Posted on June 26, 2024, by Mary Ann McGivern SL

A Sadakao statue: a young girl with a pony tail holding up a book with a bird emerging from the open book, and a plain white wall background.

The Loretto Peace Committee decided last August to promote Eleanor Coerr’s historical novel for children about an 11-year-old named Sadako.

Sadako [Sa da’ ko] is a healthy girl, a runner on the middle school track team, who lives in a happy family in Hiroshima, Japan, 10 years after the atomic bomb was dropped. Sadako gets leukemia and dies slowly, always hoping to live. It is a shocking book for an adult to read, but children wonder about death. I remember how, when I was 9 or 10, I read “Little Women” and identified with Beth, who dies.

Sadako’s path is tender and engaging. The book isn’t about World War II or dropping the bomb or who is to blame. It is about one child victim of war and how she copes. Sadako dies of leukemia before she can fold the 1,000 paper cranes she hopes will save her life. Her classmates fold the remaining 356 cranes and all 1,000 are buried with her.

The afterward tells about how Sadako’s classmates and teachers built a statue of her as a call for peace and collected her letters and journals into a 90-page tribute. That tribute became Coerr’s source for writing the book. The afterward also includes instructions for folding a paper crane.

Some years back, the Peace Committee commissioned a statue of Sadako by sculptor Jerry Boyle, Co-member Kathy Santapietro Weddel’s brother-in-law. The statue traveled around Loretto for some years and then seemingly disappeared. It has reappeared in the Loretto Archives and is available to go on tour. Sister Roberta Hudlow once had the statue in her public school art room for a semester, inspiring children with her story.
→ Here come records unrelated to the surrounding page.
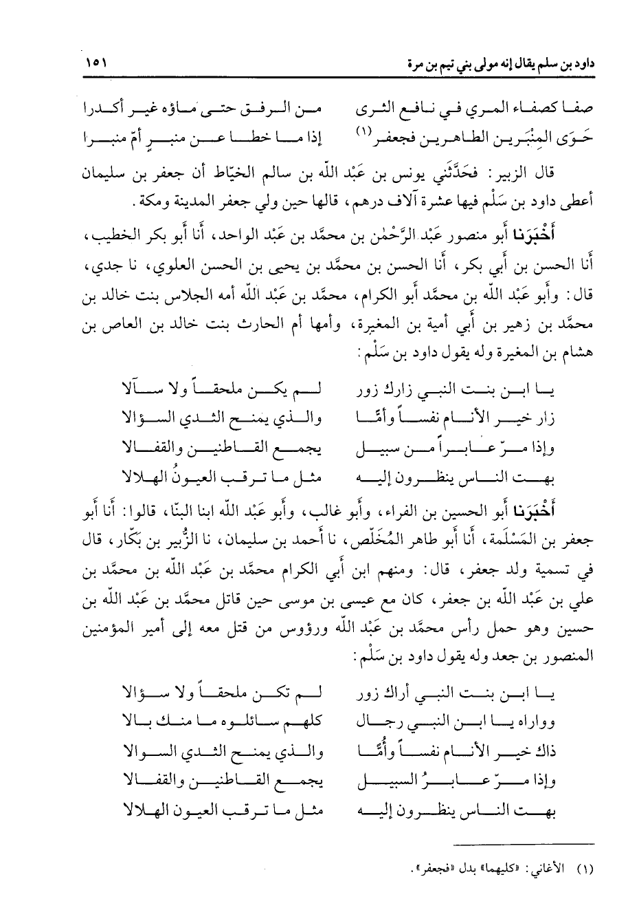 صفا كصفاء المري في نافع الثرى * من الرفق حتى ماؤه غير أكدرا حوى المنبرين الطاهرين فجعفر (1) إذا ما خطا عن منبر أم منبرا * قال الزبير فحدثني يونس بن عبد الله بن سالم الخياط أن جعفر بن سليمان أعطى داود بن سلم فيها عشرة آلاف درهم قالها حين ولي جعفر المدينة ومكة أخبرنا أبو منصور عبد الرحمن بن محمد بن عبد الواحد أنا أبو بكر الخطيب أنا الحسن بن أبي بكر أنا الحسن بن محمد بن يحيى بن الحسن العلوي نا جدي قال وأبو عبد الله بن محمد أبو الكرام محمد بن عبد الله أمه الجلاس بنت خالد بن محمد بن زهير بن أبي أمية بن المغيرة وأمها أم الحارث بنت خالد بن العاص بن هشام بن المغيرة وله يقول داود بن سلم * يا ابن بنت النبي زارك زور * لم يكن ملحقا ولا سآلا زار خير الأنام نفسا وأما * والذي يمنح الثدي السؤالا وإذا مر عابرا من سبيل * يجمع القاطنين والقفالا بهت الناس ينظرون إليه * مثل ما ترقب العيون الهلالا * أخبرنا أبو الحسين بن الفراء وأبو غالب وأبو عبد الله ابنا البنا قالوا أنا أبو جعفر بن المسلمة أنا أبو طاهر المخلص نا أحمد بن سليمان نا الزبير بن بكار قال في تسمية ولد جعفر قال ومنهم ابن أبي الكرام محمد بن عبد الله بن محمد بن علي بن عبد الله بن جعفر كان مع عيسى بن موسى حين قاتل محمد بن عبد الله بن حسين وهو حمل رأس محمد بن عبد الله ورؤوس من قتل معه إلى أمير المؤمنين المنصور بن جعد وله يقول داود بن سلم يا ابن بنت النبي أراك زور * لم تكن ملحقا ولا سؤالا وواراه يا ابن النبي رجال * كلهم سائلوه ما منك بالا ذاك خير الأنام نفسا وأما * والذي يمنح الثدي السوالا وإذا مر عابر السبيل * يجمع القاطنين والقفالا بهت الناس ينظرون إليه * مثل ما ترقب العيون الهلالا *
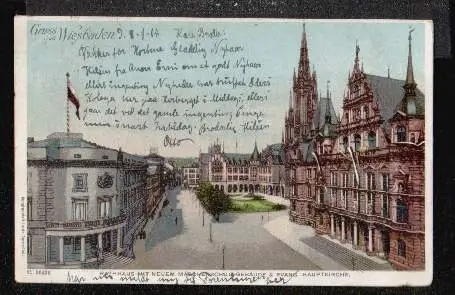 Wiesbaden. Rathaus mit neuem Mädchenschulgebäude und evang. Hauptkirche - Gebraucht. 1904. Briefmarke abgerissen. (NPLZ 65000)
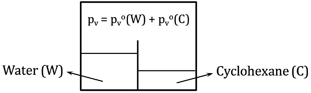 Finally, the vapor pressure of a mixture of water and cyclohexane is calculated (equation 1) as:
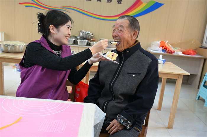岁岁重阳,今又重阳。10月29日,天气晴朗。“刘奶奶,今天是重阳节,咱区里为老人们一起过节庆祝生日,您快尝尝蛋糕!”。在山东省青岛市即墨区龙泉街道天一仁和郡社区,即墨区国立巾帼志愿者纪裕菲正给社区的78岁的刘美玉老人送上重阳蛋糕。
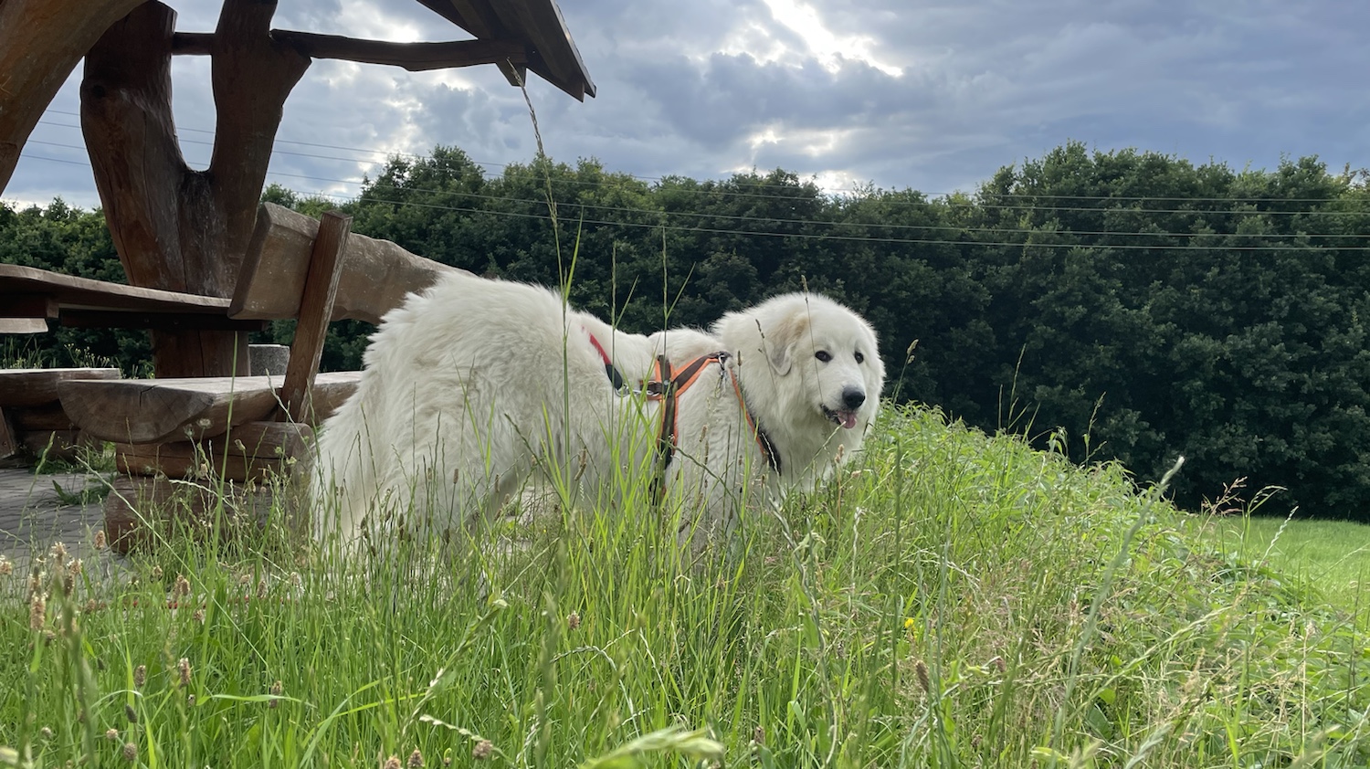Heute war es den ganzen Tag wolkig. Da ist es für die Bella nicht zu warm gewesen. Ich habe schön meinen Garten bewacht. Und mit Menschenopi und Menschenomi gekuschelt. Auf meiner Terrasse. Da ist es am kühlsten.
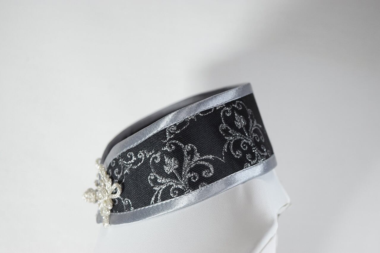 中華襟チョーカー(黒×銀)Sサイズ[AR-SC214]
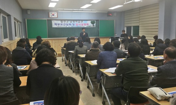 남명학습관은 학생 관리에 있어 학교와 상호보완 관계를 구축하고자 하며, 학생들이 학업에 전념할 수 있도록 수업시간을 학교 방과 후 시간 이후로 변경하는 등 조정을 하였다. 이어서 진행된 대성학원의 유창원 입시전략팀장의 입시설명회에서는 학부모들의 자녀 진학에 대한 관심을 반영하는 듯 깊은 관심과 호응 속에 진행 되었다.

The Peace Committee has sent copies of the book to Loretto schools and teachers. This summer the Motherhouse Peace Committee will give away a dozen books at the Ag Bash on Saturday Aug. 3, 2024. Consider giving a book to a teacher, friend or your great niece. 

Mary Ann McGivern SL

Mary Ann lives at the Loretto Motherhouse in Kentucky. She is one of the homilists at Sunday services. She and Mary Swain SL write letters to Congress on behalf of the Community. Mary Ann is leading a call to the governor to commute the sentences of men in Kentucky who are on death row. She remains an active board member of the Peace Economy Project in St. Louis.